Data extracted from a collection
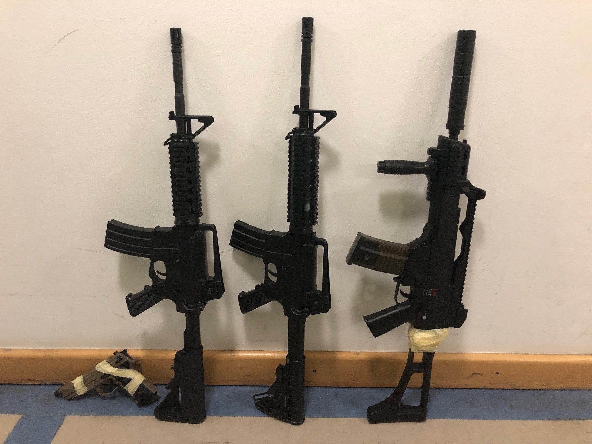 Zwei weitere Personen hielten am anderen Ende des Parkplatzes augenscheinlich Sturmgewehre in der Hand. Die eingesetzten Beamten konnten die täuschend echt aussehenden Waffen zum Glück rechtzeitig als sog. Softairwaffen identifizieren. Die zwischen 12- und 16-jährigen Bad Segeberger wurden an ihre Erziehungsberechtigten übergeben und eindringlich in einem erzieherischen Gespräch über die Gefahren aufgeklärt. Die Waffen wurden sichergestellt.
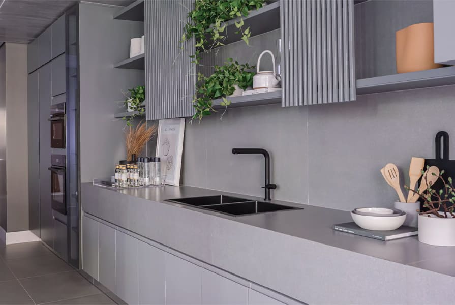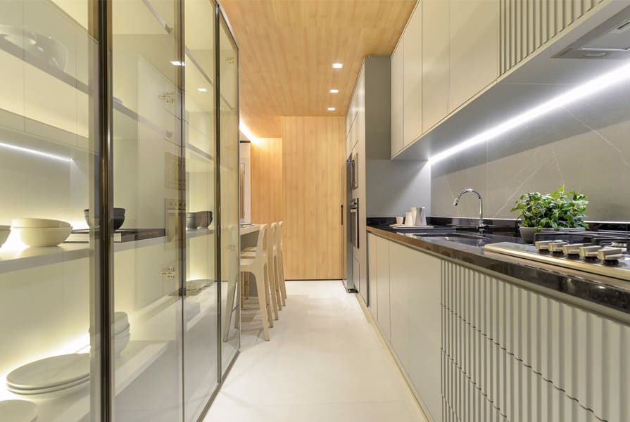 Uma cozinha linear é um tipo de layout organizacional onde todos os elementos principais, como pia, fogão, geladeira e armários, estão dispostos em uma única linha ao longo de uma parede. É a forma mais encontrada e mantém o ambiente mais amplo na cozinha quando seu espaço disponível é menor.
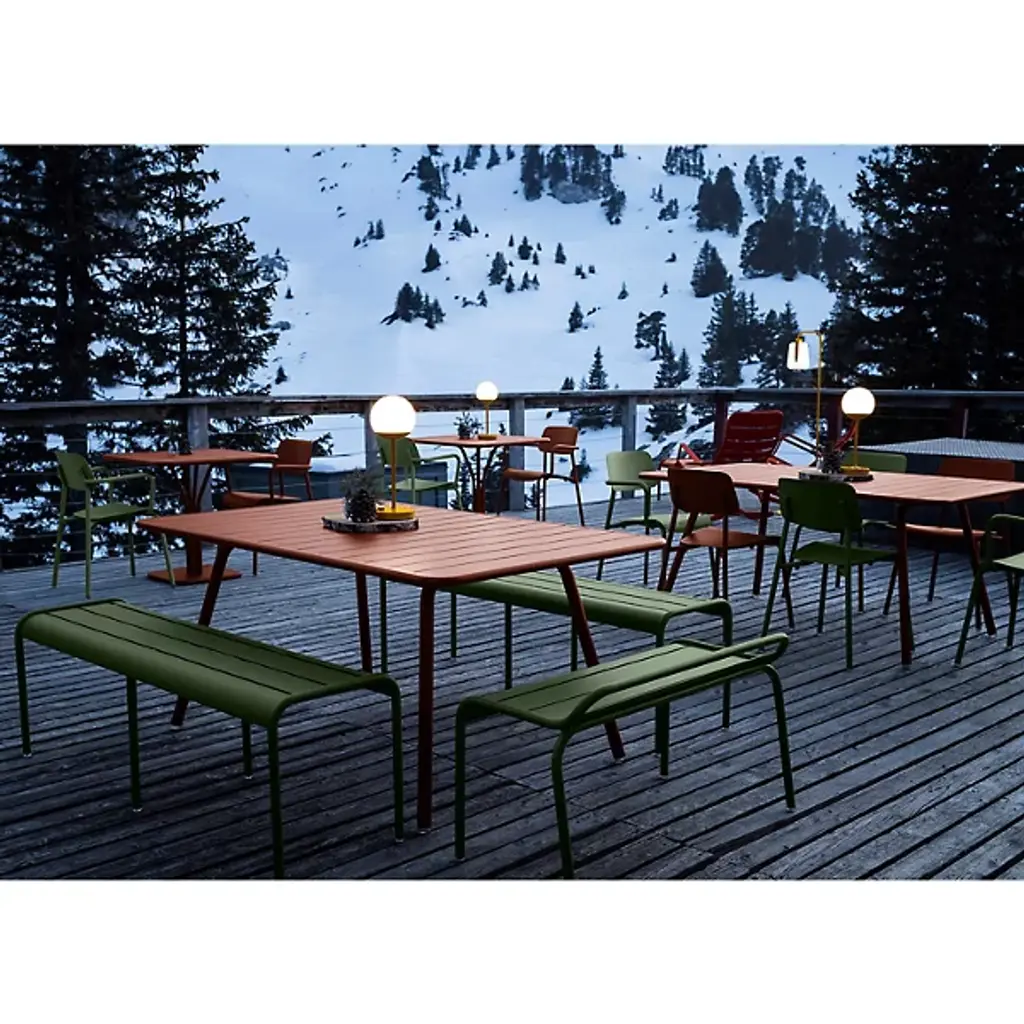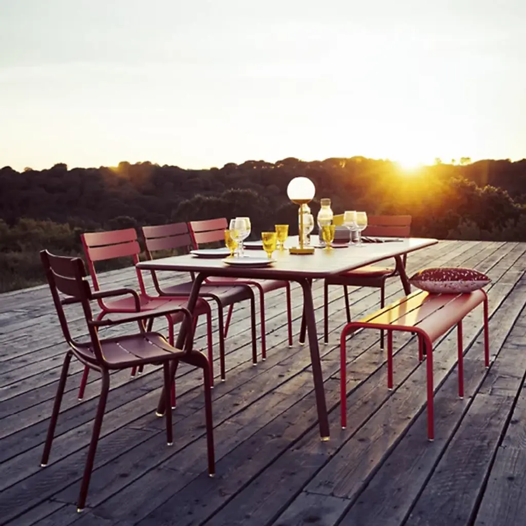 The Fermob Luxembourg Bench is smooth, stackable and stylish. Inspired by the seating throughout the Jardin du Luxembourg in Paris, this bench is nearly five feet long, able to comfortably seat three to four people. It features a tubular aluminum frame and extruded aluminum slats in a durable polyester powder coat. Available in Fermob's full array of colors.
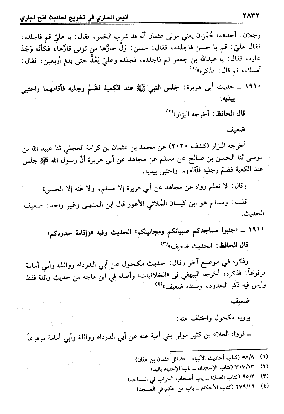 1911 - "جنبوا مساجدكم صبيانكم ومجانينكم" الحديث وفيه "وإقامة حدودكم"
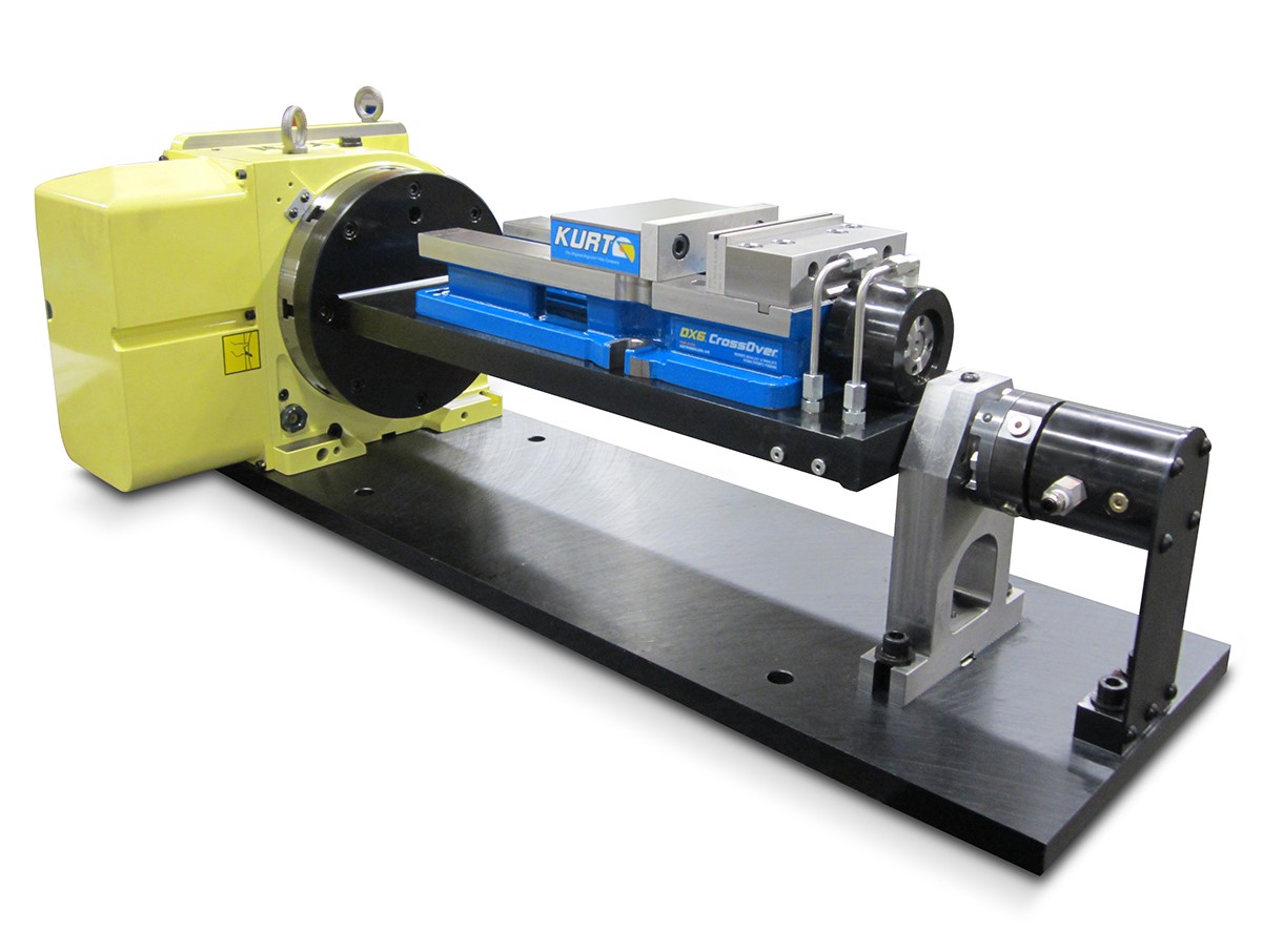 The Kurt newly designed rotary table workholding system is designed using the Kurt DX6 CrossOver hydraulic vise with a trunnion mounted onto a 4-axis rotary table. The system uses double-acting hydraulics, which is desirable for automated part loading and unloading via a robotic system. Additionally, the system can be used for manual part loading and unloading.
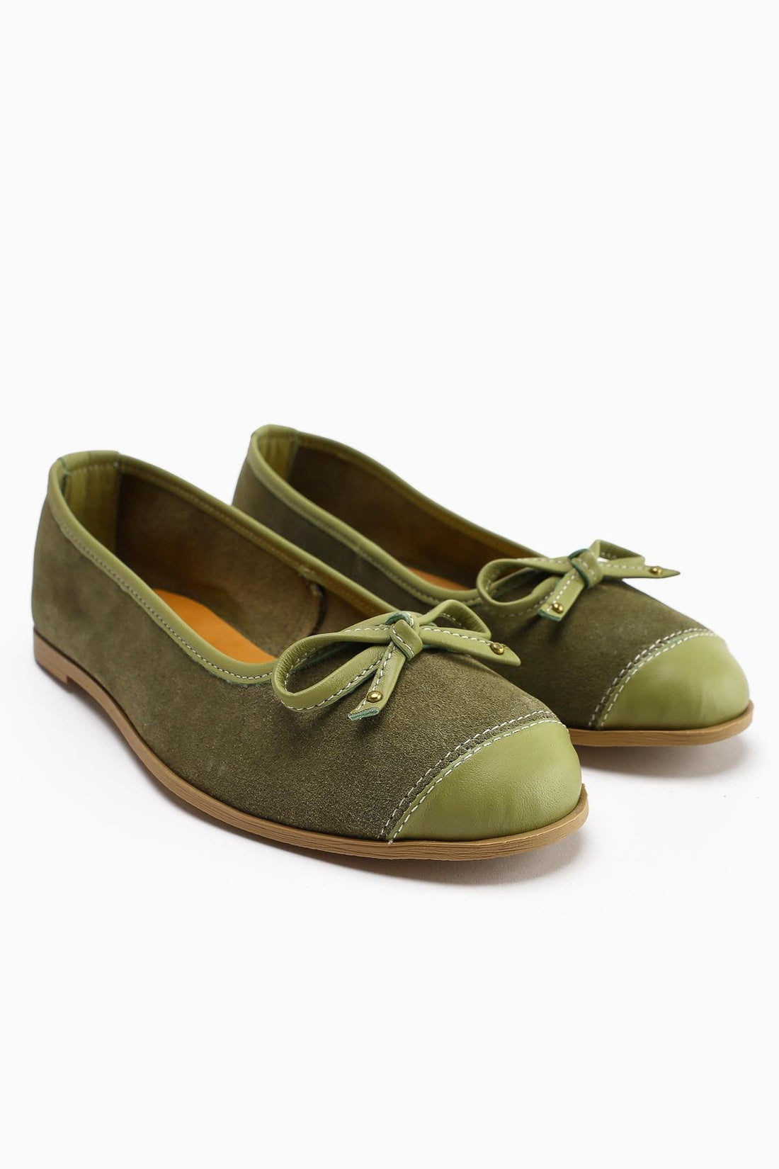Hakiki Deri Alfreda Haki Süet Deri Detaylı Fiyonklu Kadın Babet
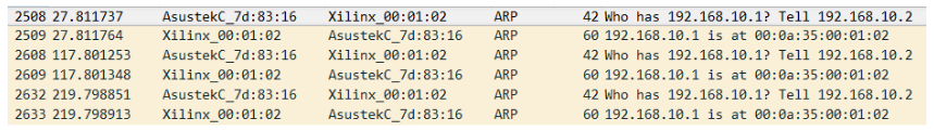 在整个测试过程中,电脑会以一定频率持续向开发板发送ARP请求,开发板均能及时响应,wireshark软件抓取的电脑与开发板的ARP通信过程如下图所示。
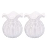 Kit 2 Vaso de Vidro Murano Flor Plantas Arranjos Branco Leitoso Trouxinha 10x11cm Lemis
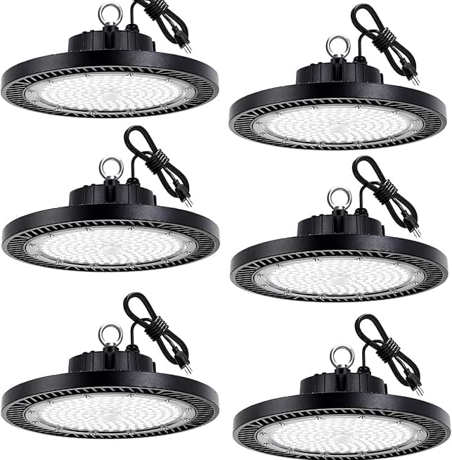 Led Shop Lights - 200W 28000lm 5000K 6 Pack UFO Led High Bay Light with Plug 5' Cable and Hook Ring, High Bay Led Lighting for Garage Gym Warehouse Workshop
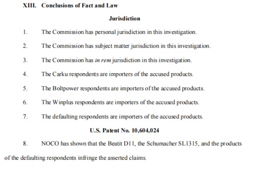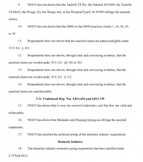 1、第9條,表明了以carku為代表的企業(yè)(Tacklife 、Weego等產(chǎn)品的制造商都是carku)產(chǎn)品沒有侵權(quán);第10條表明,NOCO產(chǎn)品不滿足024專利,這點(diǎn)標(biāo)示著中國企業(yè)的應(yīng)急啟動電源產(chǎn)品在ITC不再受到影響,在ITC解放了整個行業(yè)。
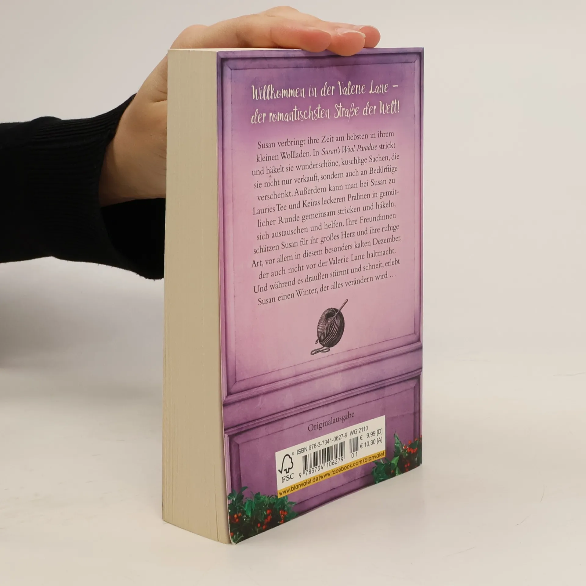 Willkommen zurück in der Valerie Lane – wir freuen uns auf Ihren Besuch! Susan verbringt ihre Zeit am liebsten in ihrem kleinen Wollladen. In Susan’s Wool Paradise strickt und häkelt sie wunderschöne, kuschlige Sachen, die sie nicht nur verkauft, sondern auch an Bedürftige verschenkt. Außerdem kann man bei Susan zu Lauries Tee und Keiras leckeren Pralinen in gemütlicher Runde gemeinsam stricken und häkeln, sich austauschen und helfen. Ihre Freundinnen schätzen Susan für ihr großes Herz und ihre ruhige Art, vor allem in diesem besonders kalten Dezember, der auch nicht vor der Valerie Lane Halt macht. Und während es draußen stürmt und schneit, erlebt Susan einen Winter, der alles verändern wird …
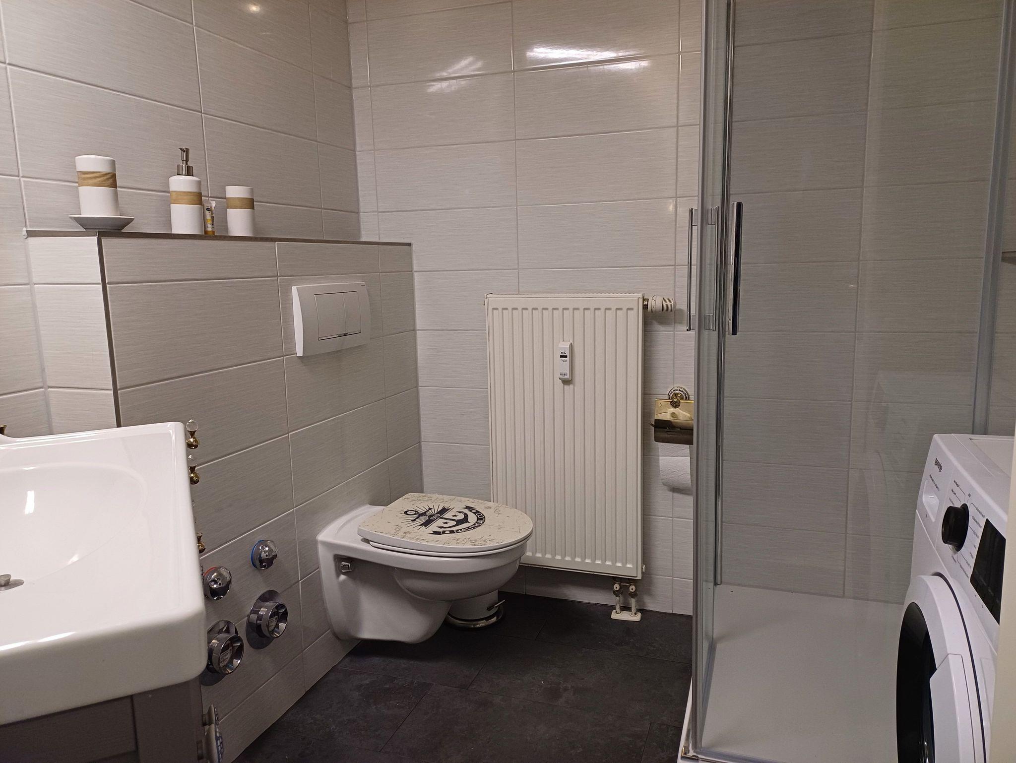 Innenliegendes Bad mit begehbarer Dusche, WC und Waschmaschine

**Description of the task**
Word for word, print out all of the records above; pass over the pictures.

**Output below**
 Zwei weitere Personen hielten am anderen Ende des Parkplatzes augenscheinlich Sturmgewehre in der Hand. Die eingesetzten Beamten konnten die täuschend echt aussehenden Waffen zum Glück rechtzeitig als sog. Softairwaffen identifizieren. Die zwischen 12- und 16-jährigen Bad Segeberger wurden an ihre Erziehungsberechtigten übergeben und eindringlich in einem erzieherischen Gespräch über die Gefahren aufgeklärt. Die Waffen wurden sichergestellt.
 Uma cozinha linear é um tipo de layout organizacional onde todos os elementos principais, como pia, fogão, geladeira e armários, estão dispostos em uma única linha ao longo de uma parede. É a forma mais encontrada e mantém o ambiente mais amplo na cozinha quando seu espaço disponível é menor.
 The Fermob Luxembourg Bench is smooth, stackable and stylish. Inspired by the seating throughout the Jardin du Luxembourg in Paris, this bench is nearly five feet long, able to comfortably seat three to four people. It features a tubular aluminum frame and extruded aluminum slats in a durable polyester powder coat. Available in Fermob's full array of colors.
 1911 - "جنبوا مساجدكم صبيانكم ومجانينكم" الحديث وفيه "وإقامة حدودكم"
 The Kurt newly designed rotary table workholding system is designed using the Kurt DX6 CrossOver hydraulic vise with a trunnion mounted onto a 4-axis rotary table. The system uses double-acting hydraulics, which is desirable for automated part loading and unloading via a robotic system. Additionally, the system can be used for manual part loading and unloading.
Hakiki Deri Alfreda Haki Süet Deri Detaylı Fiyonklu Kadın Babet
 在整个测试过程中,电脑会以一定频率持续向开发板发送ARP请求,开发板均能及时响应,wireshark软件抓取的电脑与开发板的ARP通信过程如下图所示。
 Kit 2 Vaso de Vidro Murano Flor Plantas Arranjos Branco Leitoso Trouxinha 10x11cm Lemis
 Led Shop Lights - 200W 28000lm 5000K 6 Pack UFO Led High Bay Light with Plug 5' Cable and Hook Ring, High Bay Led Lighting for Garage Gym Warehouse Workshop
 1、第9條,表明了以carku為代表的企業(yè)(Tacklife 、Weego等產(chǎn)品的制造商都是carku)產(chǎn)品沒有侵權(quán);第10條表明,NOCO產(chǎn)品不滿足024專利,這點(diǎn)標(biāo)示著中國企業(yè)的應(yīng)急啟動電源產(chǎn)品在ITC不再受到影響,在ITC解放了整個行業(yè)。
 Willkommen zurück in der Valerie Lane – wir freuen uns auf Ihren Besuch! Susan verbringt ihre Zeit am liebsten in ihrem kleinen Wollladen. In Susan’s Wool Paradise strickt und häkelt sie wunderschöne, kuschlige Sachen, die sie nicht nur verkauft, sondern auch an Bedürftige verschenkt. Außerdem kann man bei Susan zu Lauries Tee und Keiras leckeren Pralinen in gemütlicher Runde gemeinsam stricken und häkeln, sich austauschen und helfen. Ihre Freundinnen schätzen Susan für ihr großes Herz und ihre ruhige Art, vor allem in diesem besonders kalten Dezember, der auch nicht vor der Valerie Lane Halt macht. Und während es draußen stürmt und schneit, erlebt Susan einen Winter, der alles verändern wird …
 Innenliegendes Bad mit begehbarer Dusche, WC und Waschmaschine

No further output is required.